I picked up my watercolour 'Carved by Athabasca' (shown left) from the Station Gallery in Whitby, at the close of 'Fresh', their annual members' juried art exhibition.

My painting was one of 92 works by children, youth and adults accepted into the show, from 160 submissions from across Ontario.

 

 

Over the Christmas holidays, I began a fairly large (14 x 21") watercolour of Indian corn.

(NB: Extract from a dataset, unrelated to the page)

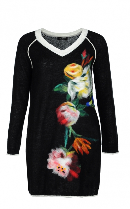 В итальянской марке Twin Set выбрали самые красивые цветы из натюрмортов малых голландцев и повторили их в акварели на непременном черном фоне. («Кенгуру»)

I chose this size so the corn cobs would be larger than life sized, to maximize their impact. This still life was inspired by a photo I took last Thanksgiving weekend at a farmer's market in Prince Edward County, ON. It is thrilling to do a piece with so much exuberant colour and detail...at least at this point I think so...

 

 

December 2008

 

I had several pieces of good news this month.

 

I found out my photograph of lodge pole pines in the mist of Cypress Hills (pictured left) was first runner up in Saskatchewan Tourism's 'Snap It! The Great Saskatchewan Photo Contest' in the Woods & Water category.

 

When we camped in Cypress Hills Interprovincial Park last May, I entered a few photos in Sask Tourism's online contest. There were 3 finalists from Ontario, 3 from Alberta and 30 from (you guessed it) Saskatchewan.

 

 

Due to my artistic affinity with rock and stone, I have been invited to demonstrate painting pebbles in watercolour and exhibit my 'Canada Rocks!' series at a farm property near Grand Valley, ON next Thanksgiving Weekend at Rocktoberfest 2009.

 

This is an annual event of the Dry Stone Wall Association of Canada, which was formed in 2001 with the primary goal to promote the art of dry stone walling and facilitate the networking of 'wallers' from all over Canada to learn, teach and practice this age old building tradition. Check them out at www.dswa.ca/events.